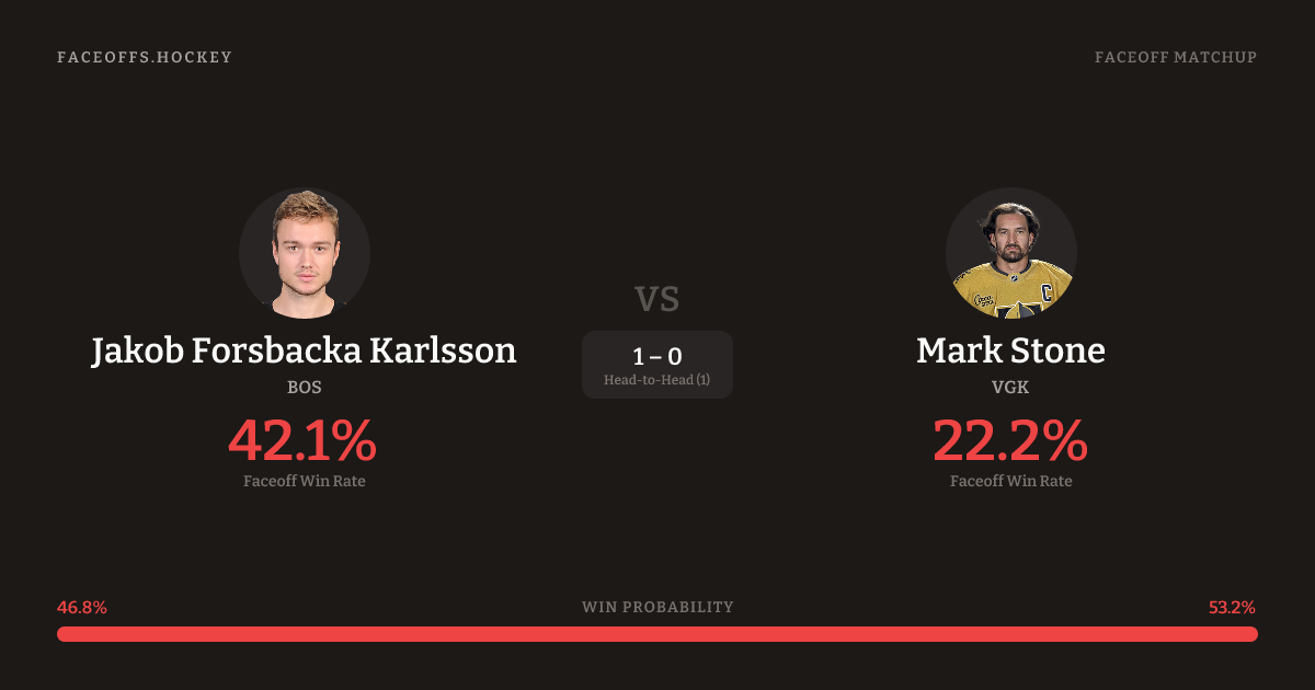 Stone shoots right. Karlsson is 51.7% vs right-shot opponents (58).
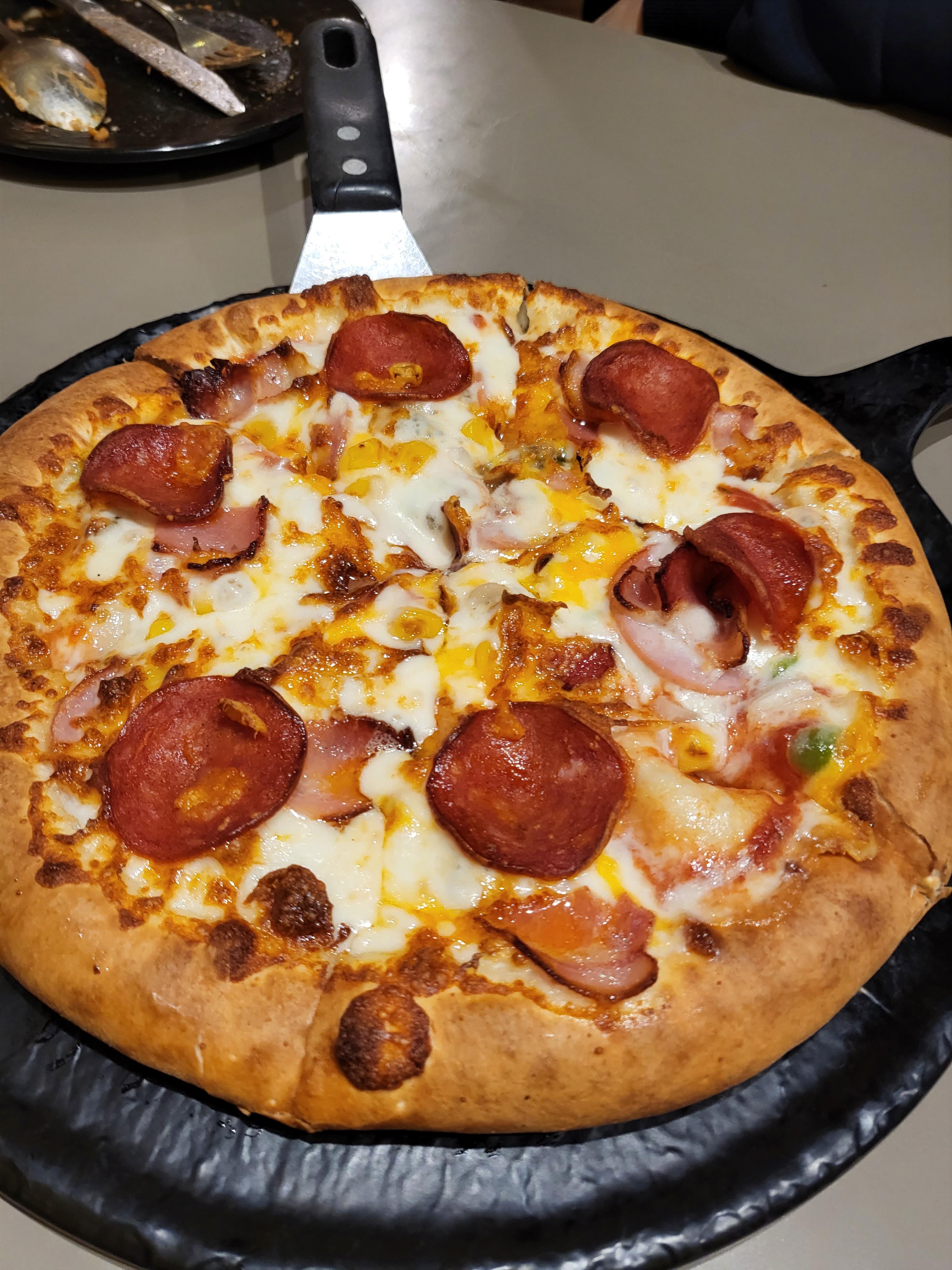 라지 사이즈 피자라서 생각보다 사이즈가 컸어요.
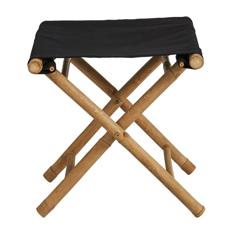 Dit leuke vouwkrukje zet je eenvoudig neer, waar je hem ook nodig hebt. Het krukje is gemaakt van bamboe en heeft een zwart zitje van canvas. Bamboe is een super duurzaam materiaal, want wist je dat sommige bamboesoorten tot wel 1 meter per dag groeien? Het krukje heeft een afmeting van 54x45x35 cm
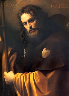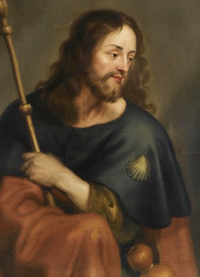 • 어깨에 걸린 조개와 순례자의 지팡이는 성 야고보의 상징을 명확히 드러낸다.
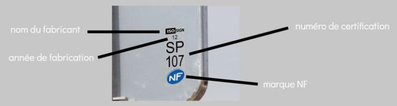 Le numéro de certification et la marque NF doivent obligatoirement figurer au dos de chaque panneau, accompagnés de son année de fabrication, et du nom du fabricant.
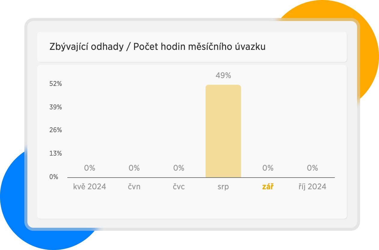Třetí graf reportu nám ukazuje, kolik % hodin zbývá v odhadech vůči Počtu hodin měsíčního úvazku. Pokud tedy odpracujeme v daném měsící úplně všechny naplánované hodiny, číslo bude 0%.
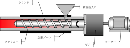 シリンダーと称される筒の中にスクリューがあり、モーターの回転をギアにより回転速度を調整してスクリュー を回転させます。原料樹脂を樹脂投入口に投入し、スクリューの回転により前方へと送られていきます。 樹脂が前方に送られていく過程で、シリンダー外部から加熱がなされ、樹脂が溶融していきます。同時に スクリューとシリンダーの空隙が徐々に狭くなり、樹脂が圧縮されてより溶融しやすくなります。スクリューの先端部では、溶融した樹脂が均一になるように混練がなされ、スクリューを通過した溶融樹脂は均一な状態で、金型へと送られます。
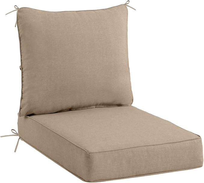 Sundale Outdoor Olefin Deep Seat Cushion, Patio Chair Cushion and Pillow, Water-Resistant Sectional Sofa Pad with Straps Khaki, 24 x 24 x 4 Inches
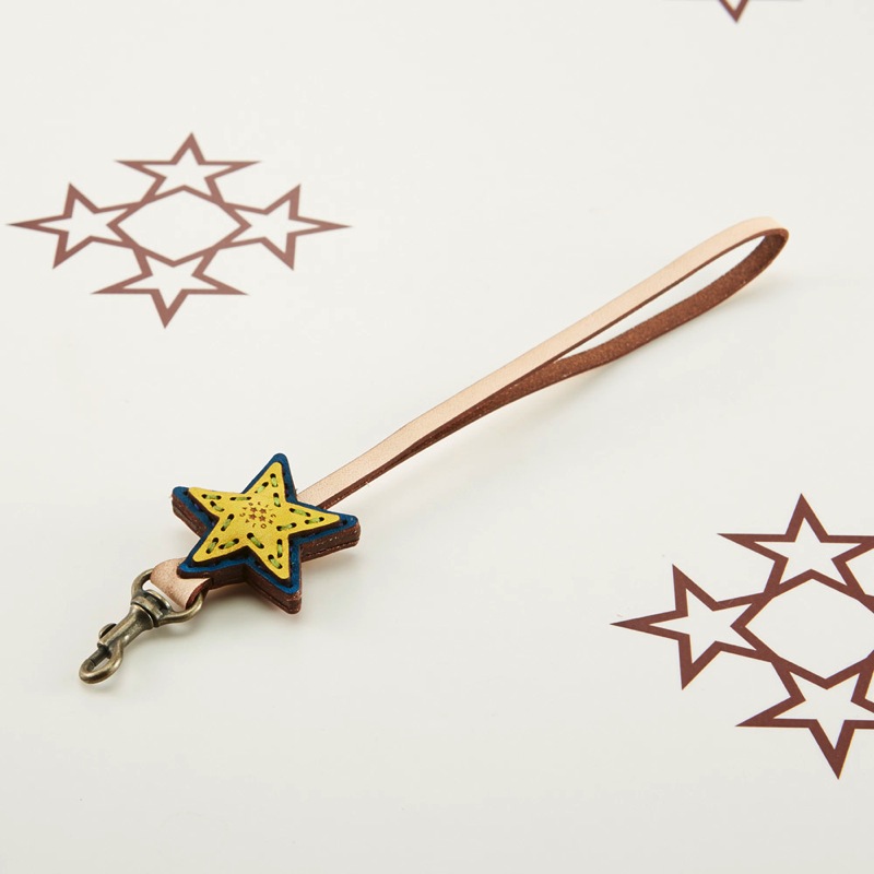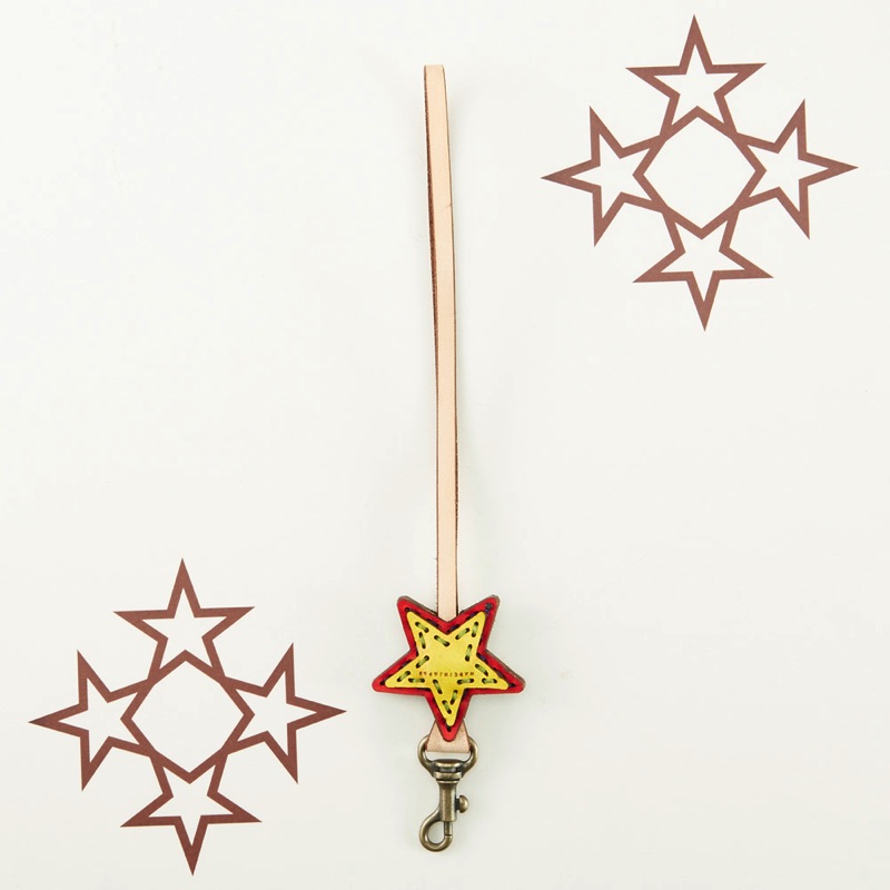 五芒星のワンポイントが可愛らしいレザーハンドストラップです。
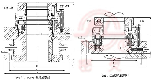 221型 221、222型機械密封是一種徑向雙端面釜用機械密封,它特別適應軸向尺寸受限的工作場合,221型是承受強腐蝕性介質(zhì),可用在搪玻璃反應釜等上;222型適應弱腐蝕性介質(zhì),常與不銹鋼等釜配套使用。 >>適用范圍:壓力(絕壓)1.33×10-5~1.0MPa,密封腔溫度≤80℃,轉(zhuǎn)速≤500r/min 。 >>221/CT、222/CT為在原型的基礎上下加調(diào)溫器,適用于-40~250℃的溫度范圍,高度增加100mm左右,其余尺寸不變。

= = = =

▶ [Required action]:
Return each entry above unchanged. Leave the pictures out.

▶ [Response to the exercise]:
 Stone shoots right. Karlsson is 51.7% vs right-shot opponents (58).
 라지 사이즈 피자라서 생각보다 사이즈가 컸어요.
 Dit leuke vouwkrukje zet je eenvoudig neer, waar je hem ook nodig hebt. Het krukje is gemaakt van bamboe en heeft een zwart zitje van canvas. Bamboe is een super duurzaam materiaal, want wist je dat sommige bamboesoorten tot wel 1 meter per dag groeien? Het krukje heeft een afmeting van 54x45x35 cm
 • 어깨에 걸린 조개와 순례자의 지팡이는 성 야고보의 상징을 명확히 드러낸다.
 Le numéro de certification et la marque NF doivent obligatoirement figurer au dos de chaque panneau, accompagnés de son année de fabrication, et du nom du fabricant.
Třetí graf reportu nám ukazuje, kolik % hodin zbývá v odhadech vůči Počtu hodin měsíčního úvazku. Pokud tedy odpracujeme v daném měsící úplně všechny naplánované hodiny, číslo bude 0%.
 シリンダーと称される筒の中にスクリューがあり、モーターの回転をギアにより回転速度を調整してスクリュー を回転させます。原料樹脂を樹脂投入口に投入し、スクリューの回転により前方へと送られていきます。 樹脂が前方に送られていく過程で、シリンダー外部から加熱がなされ、樹脂が溶融していきます。同時に スクリューとシリンダーの空隙が徐々に狭くなり、樹脂が圧縮されてより溶融しやすくなります。スクリューの先端部では、溶融した樹脂が均一になるように混練がなされ、スクリューを通過した溶融樹脂は均一な状態で、金型へと送られます。
 Sundale Outdoor Olefin Deep Seat Cushion, Patio Chair Cushion and Pillow, Water-Resistant Sectional Sofa Pad with Straps Khaki, 24 x 24 x 4 Inches
 五芒星のワンポイントが可愛らしいレザーハンドストラップです。
 221型 221、222型機械密封是一種徑向雙端面釜用機械密封,它特別適應軸向尺寸受限的工作場合,221型是承受強腐蝕性介質(zhì),可用在搪玻璃反應釜等上;222型適應弱腐蝕性介質(zhì),常與不銹鋼等釜配套使用。 >>適用范圍:壓力(絕壓)1.33×10-5~1.0MPa,密封腔溫度≤80℃,轉(zhuǎn)速≤500r/min 。 >>221/CT、222/CT為在原型的基礎上下加調(diào)溫器,適用于-40~250℃的溫度范圍,高度增加100mm左右,其余尺寸不變。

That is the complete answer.